Ainsley Hammill: Fable
Gaelic Scots singer and composer Ainsley Hammill’s Fable is a collection of folk songs and original material, six of the eleven tracks sung in Gaelic. Comparing the two languages side by side makes the English texts seem very prosaic; who wouldn’t rather hear Hammill sing “Cidh ‘n fidheall, far an fidheall” than “Fetch the fiddle, find the fiddle”? The traditional, non-English numbers are the ones I’ve returned to most often. “Beamer Puirt” races through four sea shanties in less than five minutes, each one faster than the last, the final song an exuberant rant about substandard porridge.

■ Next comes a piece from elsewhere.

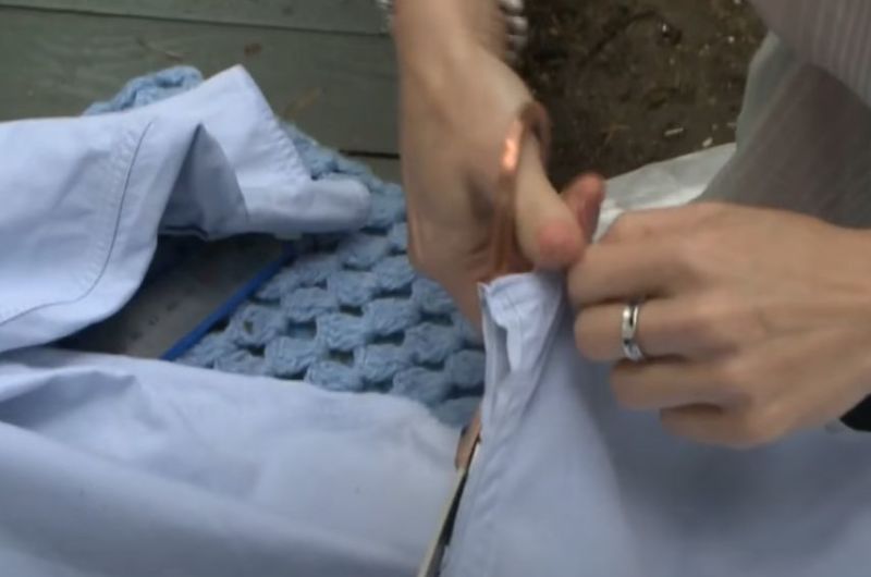 - С помощта на ножица отрежете частта с ръкавите и врата.

Hammill’s whiplash delivery is impressive but she’s also convincing in the slower numbers. Try “Cumha an Eich-Uisige”, a lament from a shape-shifting water-horse pleading for his lost love to return.
Hammill’s "Machir Bay" takes inspiration from the Islay landscape, and "The Angel's Share" compares the evaporation of whisky with finding peace in solitude ("Distil my fears up here where it's high and cold/Where nobody goes"). An idiomatic take on Burns' "What Can a Young Lassie" is an effective coda. The song arrangements are invariably idiomatic, the studio production rich and warm. My one tiny gripe is that texts and translations are in impossibly small type, and you may need a magnifying glass to read them. Recommended.